I have a son with mild speech delay, etc. With the speech I would try putting pictures up on things around the house for him to point to since he is having trouble getting his words out. I printed them out on my computer. Use the Leap Frog dvd's "Letter Factory", "Word Caper", etc. I would also when talk to him enunciate your big words. It will help later on. I would use simple instruction...due to the fact that he understands you and is smart, but his brain is slow to process and send it to the right area for him to use the information. That is why he may just look at you a moment longer when you or anyone talks to him. If he is playing or listening to the tv/movie and does not seem to hear you....this is called hyperfocus. You need to go to him hold his chin and talk calmly. (It is not always easy to do =0). ) For tantrums...when my son has some...my husband has found taking him in his arms and squeezing the giggles out does the trick and he will say now come on I want to hear some giggles/laughs, now come one where are they?...it is just a big bear hug type of thing.
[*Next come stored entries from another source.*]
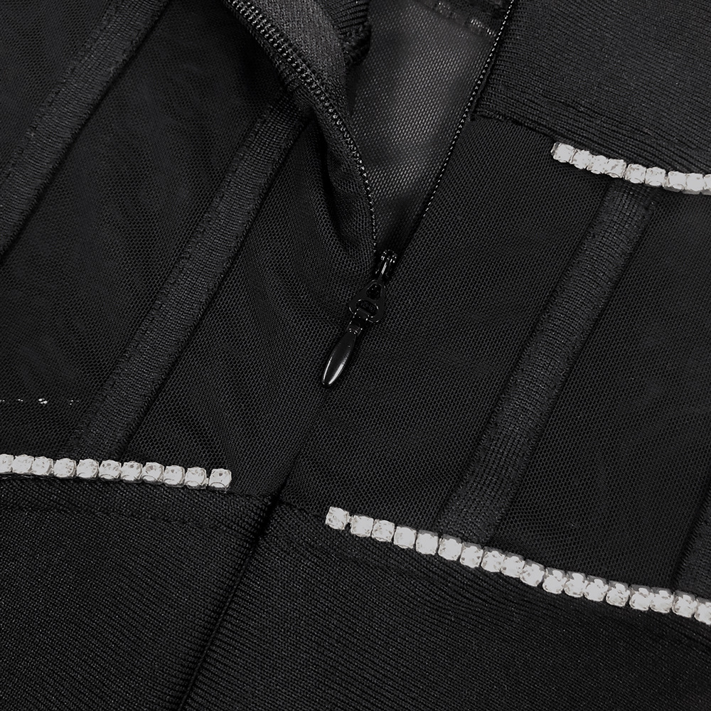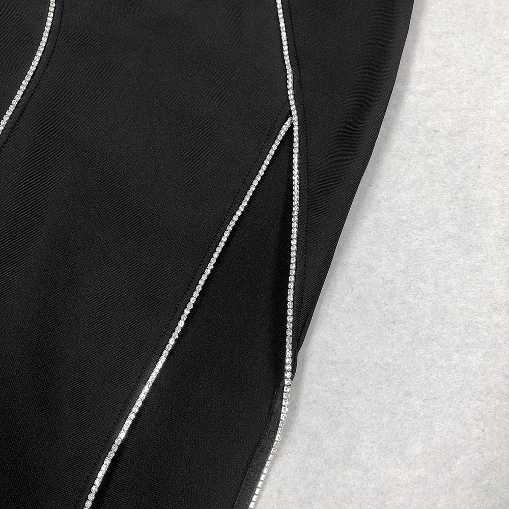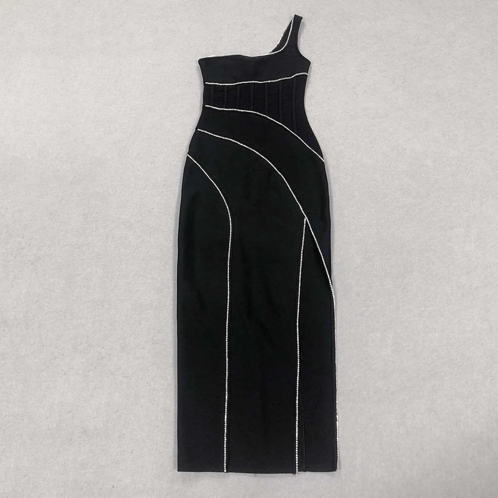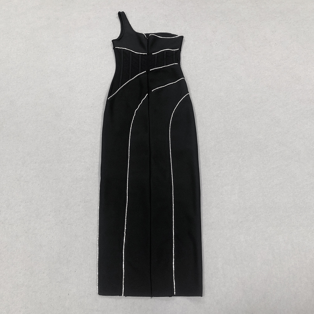 Socialite Dress Black Slim Set Diamond Mesh Boning Corset One Shoulder Split Bandage Dress
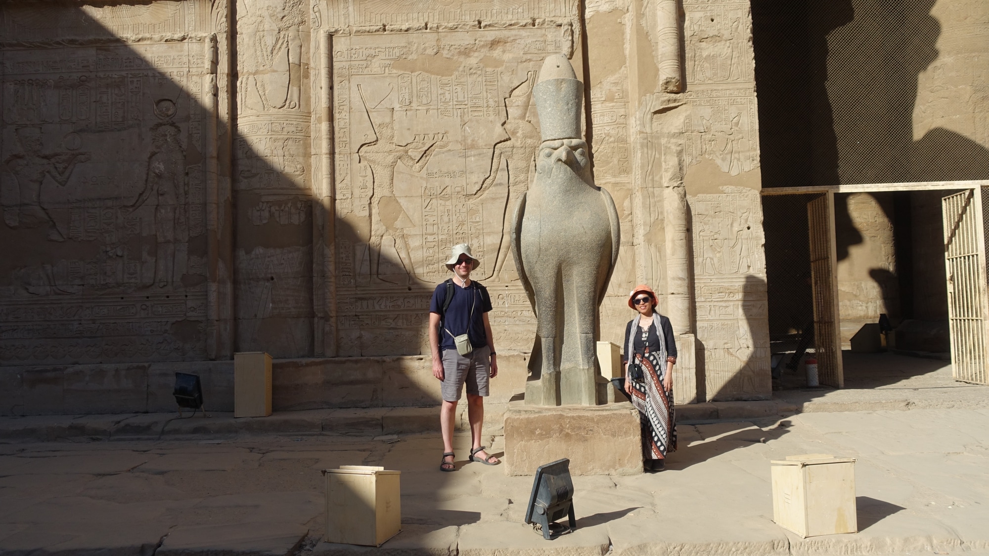 Para o templo de Edfu, é melhor vir como nós entre 13h e 14h porque os grandes navios de cruzeiro vêm visitá-lo pela manhã e os dahabiya por volta das 14h. O local é fechado às 16h
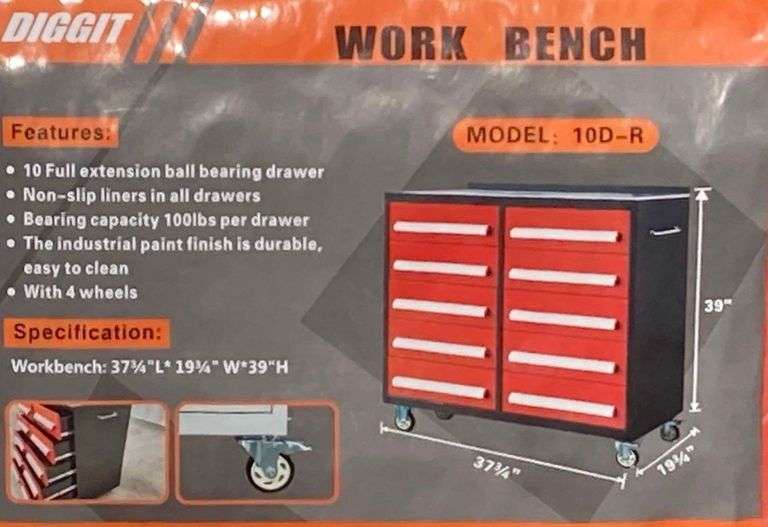 Model 10D-R unused 2023 Diggit 10 drawer tool cabinet, approx. weight 80 kgs.
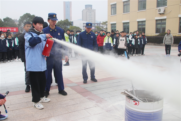 近日,普陀区六横镇蛟头初级中学、台门学校等开展消防安全“开学第一课”活动。学校举行火灾逃生应急疏散演练,请来当地消防队员教学生正确使用灭火器等。摄影 通讯员 刘生国 贺苗
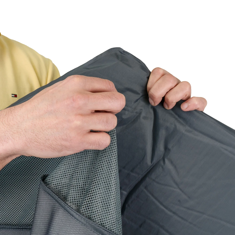 Der PETY Laufstall bietet Ihrem Hund einen sicheren und komfortablen Rückzugsort – zuhause, im Garten oder unterwegs. Er ist in rund 10 Sekunden auf- und abgebaut und dank seines geringen Gewichts ideal für Reisen und Ausflüge. Die luftdurchlässigen Netzwände sorgen für eine optimale Belüftung und ermöglichen es Ihnen, Ihren Hund jederzeit im Blick zu behalten. Das Set besteht aus dem grossen PETY Laufstall, einer abnehmbaren Bodenfläche und einem passenden Dach, ist zusammenfaltbar, platzsparend verstaubar und wird mit Transporttasche geliefert. Für eine längere Lebensdauer empfehlen wir, die Bodenfläche mit einem geeigneten Überzug oder einer Decke zu schützen.
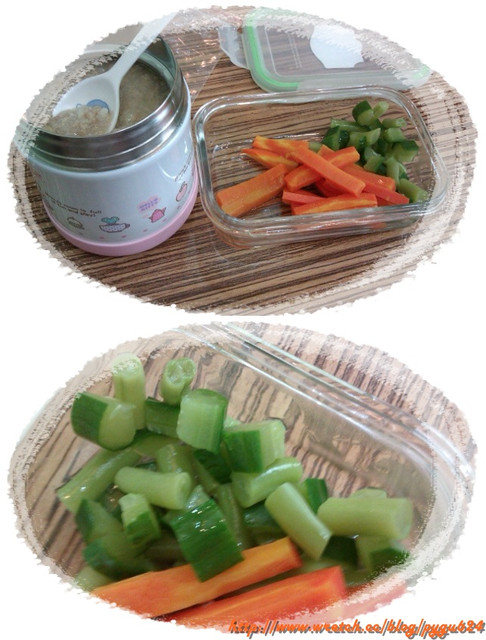 明天再來讓她試牛肉~今天吃粥的狀況都還OK~全部完食~有嗯嗯沒過敏!!
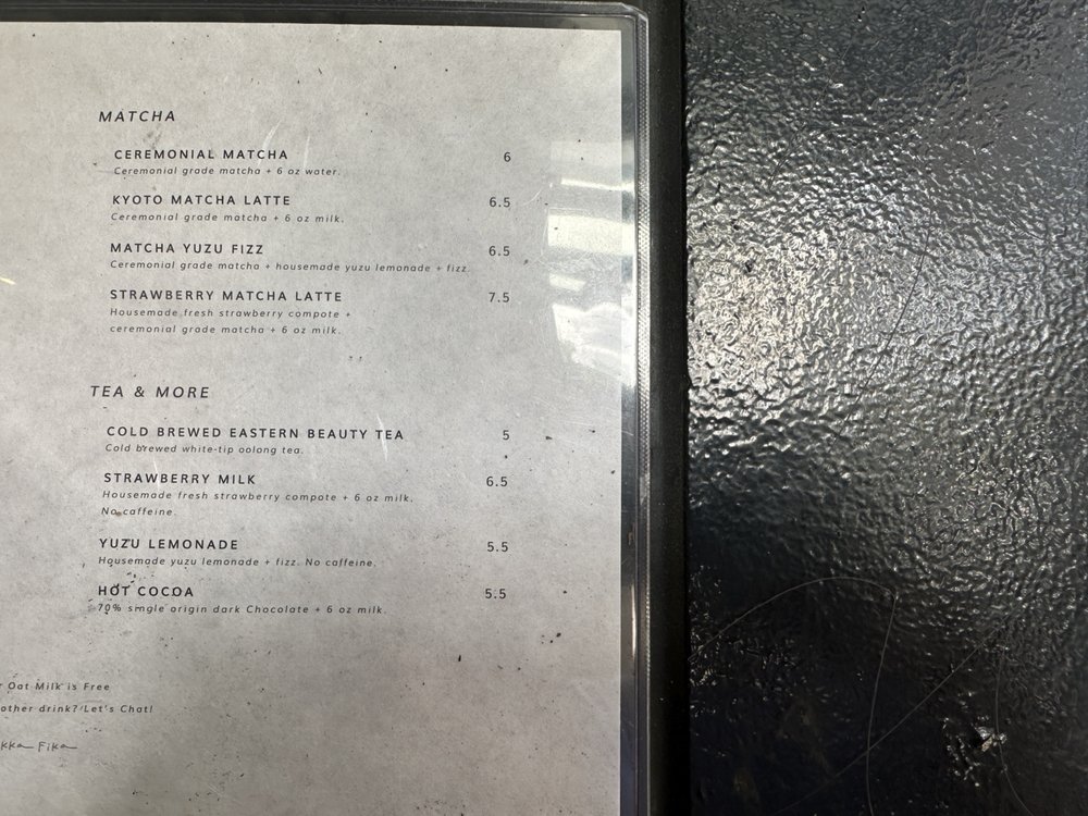 - The baked goods are standout items, particularly the miso caramel canelé, praised for its crispy exterior and custardy center.
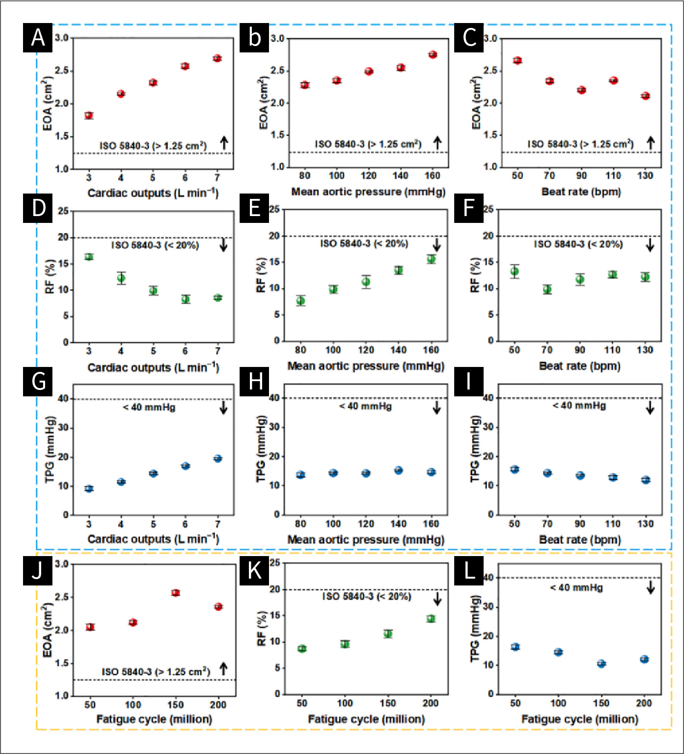 图八 在不同心脏输出量、平均主动脉压力和心率条件下,水动力性能如下:(a-c)有效孔口面积(EOA);(d-f)背漏分数(RF);(g-i)静脉瓣压力梯度(TPG)。在模拟生理条件下(心脏输出量:5 L/min;平均主动脉压力:100 mmHg;心率:70bpm)的水动力性能如下。不同的疲劳循环类型包括:(j) EOA;(k) RF;(l) TPG。
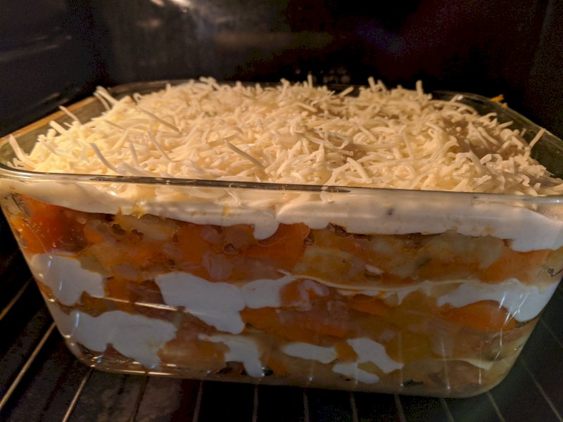 Une fois tout prêt, disposer les pâtes à lasagne au fond du plat, puis une couche de légumes-chorizo, puis de la béchamel et ainsi de suite afin de réaliser plusieurs couches!
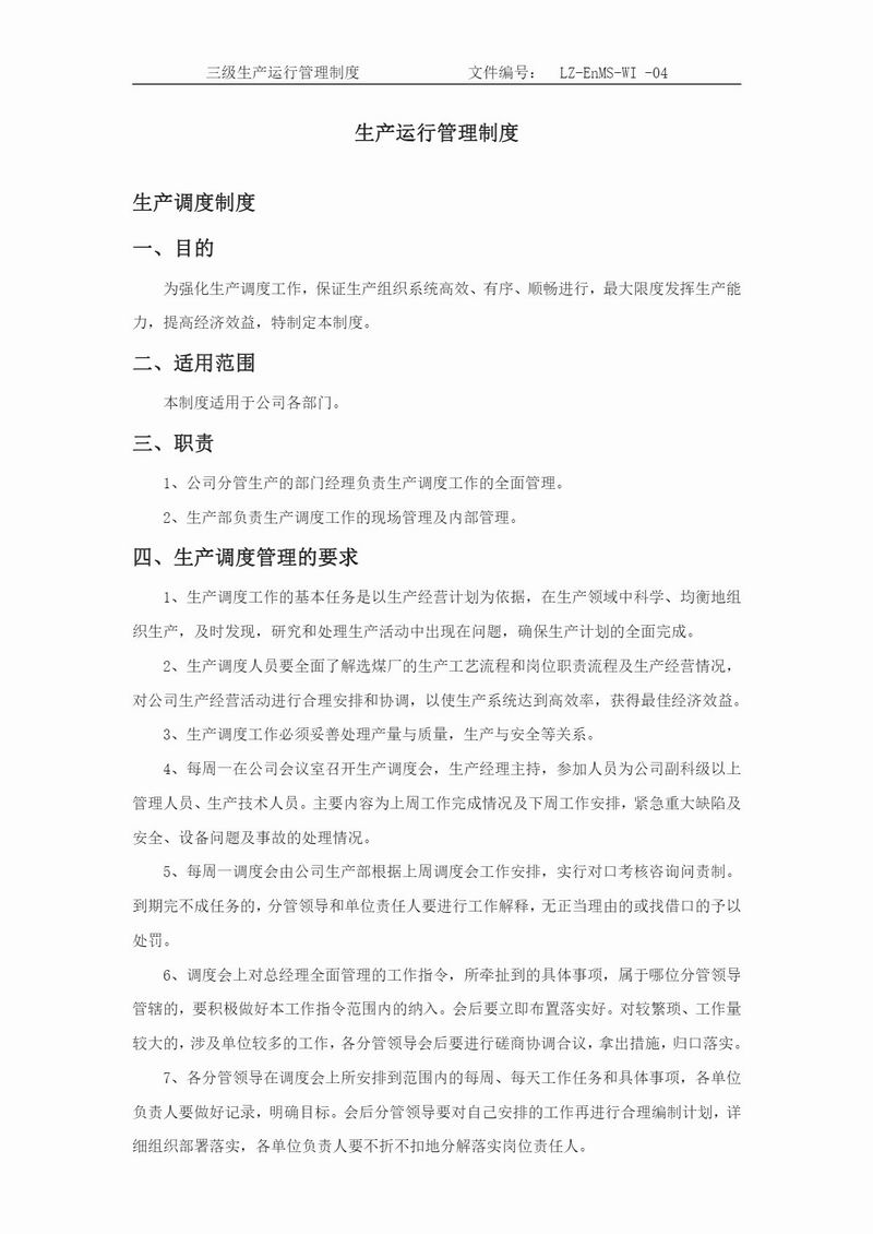 生產(chǎn)運行管理制度

Something else we do is let him lay on the floor and have the tantrum. It lets him get it out and we do not feed into his need for negative behavior when it is for negative behavior. The tantrum = fustration. They want to communicate something but do not know how to get it out. There are also noises that can set off a tantrum. These children have sensory issues. My son does not like high pitched noises like the vacuum. There are food texture issues too. For you and how to get through it till you get you diagnosis...make sure you vent to friends, family, etc. Take care of your stress level...listen to music, soak in a tub, etc. whatever helps you relax. If your relaxed it will help him to relax. I hope this has helped you. The wait is not fun but it will go by soon enough. Unfortunately, with getting help for our children it seems to be a wait and see game.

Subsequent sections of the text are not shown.